Novel liquid chromatography-tandem mass spectrometry method for simultaneous detection of three anti-HIV drugs tenofovir, lamivudine, and dolutegravir in plasma.

Currently, the world health organization (WHO) recommends a fixed-dose combination therapy called TLD, composed of tenofovir, lamivudine, and dolutegravir (TLD) for human immunodeficiency virus (HIV) treatment. About 23 of 39 million people living with HIV/AIDS (PLWHA) are on a daily TLD pill. In this study, we successfully developed a simple, efficient, and sensitive method to extract and enable the simultaneous quantification of tenofovir, lamivudine, and dolutegravir in rats, non-human primates (NHP), and human plasma samples.
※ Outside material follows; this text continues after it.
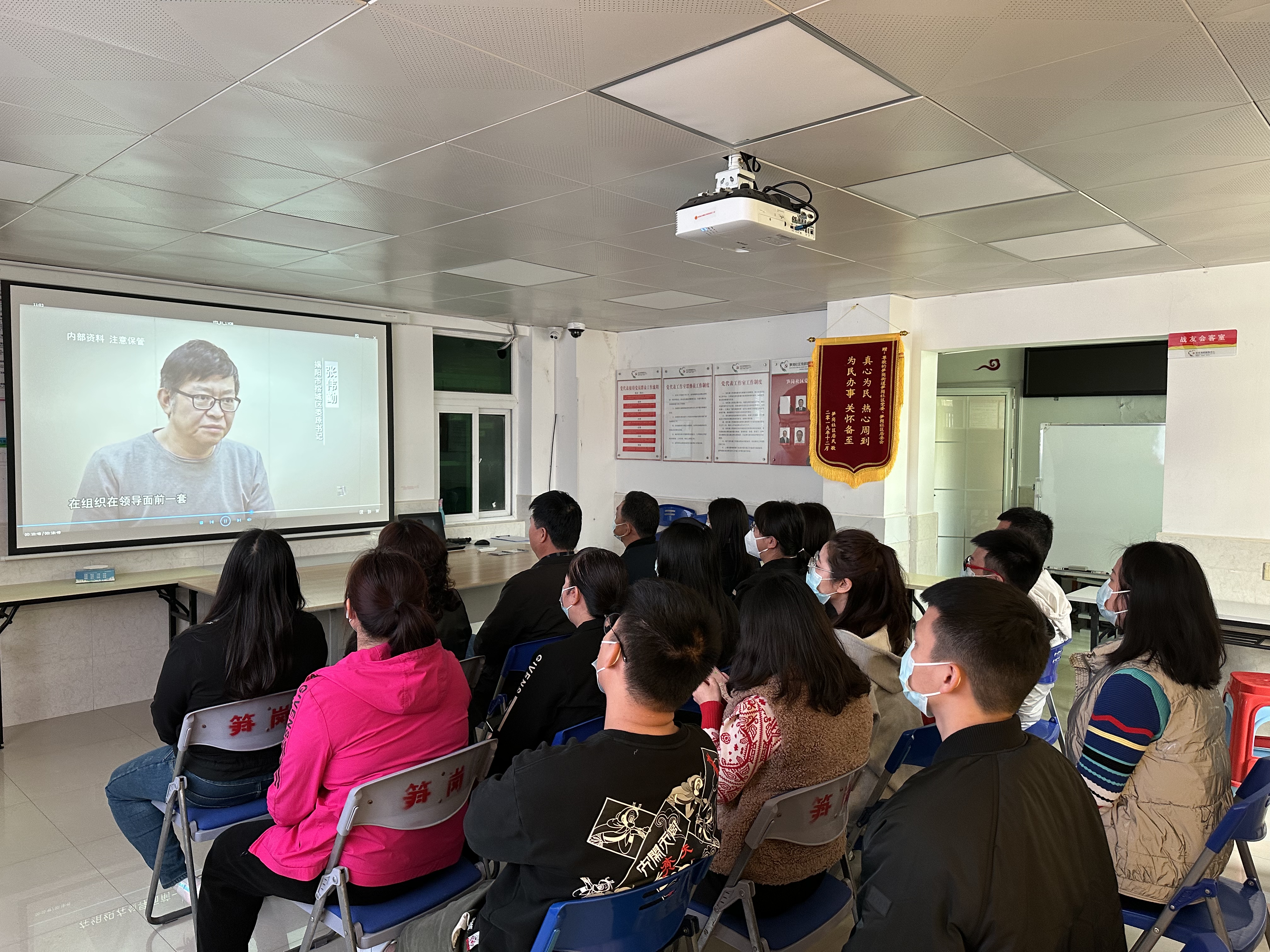 2023年2月22日上午笋岗社区党群服务中心组织工作人员观看警示片。

The 3 HIV drugs in small volume, 100 µL plasma were extracted after protein precipitation, and all the analytes were quantified using a novel liquid chromatography-tandem mass spectrometry. The assay provided analysis of all three analytes in rat, NHP, and human plasma. This method was used to evaluate time-plasma drug concentrations in two NHPs (Macaca nemestrina). The reported bioanalytical method demonstrated high sensitivity, reproducibility, and robustness for quantifying the 3 HIV drugs with efficiency. Lower limit of quantification (LLOQ) for tenofovir (TFV), lamivudine (3TC) and dolutegravir (DTG) were between 0.3 - 2.6 ng/mL equivalent to 30 - 260 pg in 100 µL of rats, NHPs, or human plasma samples. This assay may be adapted for evaluating drug concentrations across multiple species to support preclinical, clinical, and translational studies for developing long-acting products.